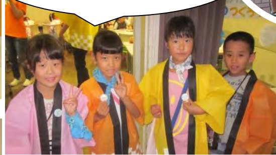
ごみぶんばつゲーム
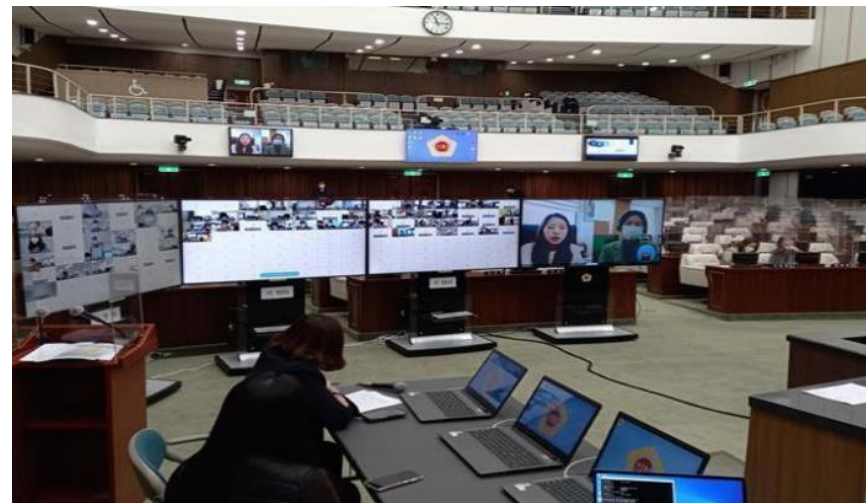
オンライン議会の様子
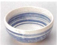
83-26-732 呉須刷毛目4.0ボール 650円 12.7×5.5cm 08027731
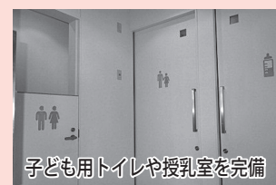
子どもトイレや授乳室を完備

読み聞かせの優しい声、子どもたちの笑顔、小諸図書館の館内で一番賑やかなエリアが“すみれのひろば”です。こちらは、絵本や児童向けの読みものを揃え、本に触れ、親しみ、読書を楽しむ子どもを育む場所です。また、子育てに関する本や雑誌も揃えています。保護者同士の情報交換や交流の場としてもご利用いただけます。

• _WORK ORDER_:
An exact retyping of the entries, without images, is the required answer.

• _OUTPUT_:
ごみぶんばつゲーム
オンライン議会の様子
83-26-732 呉須刷毛目4.0ボール 650円 12.7×5.5cm 08027731
子どもトイレや授乳室を完備

読み聞かせの優しい声、子どもたちの笑顔、小諸図書館の館内で一番賑やかなエリアが“すみれのひろば”です。こちらは、絵本や児童向けの読みものを揃え、本に触れ、親しみ、読書を楽しむ子どもを育む場所です。また、子育てに関する本や雑誌も揃えています。保護者同士の情報交換や交流の場としてもご利用いただけます。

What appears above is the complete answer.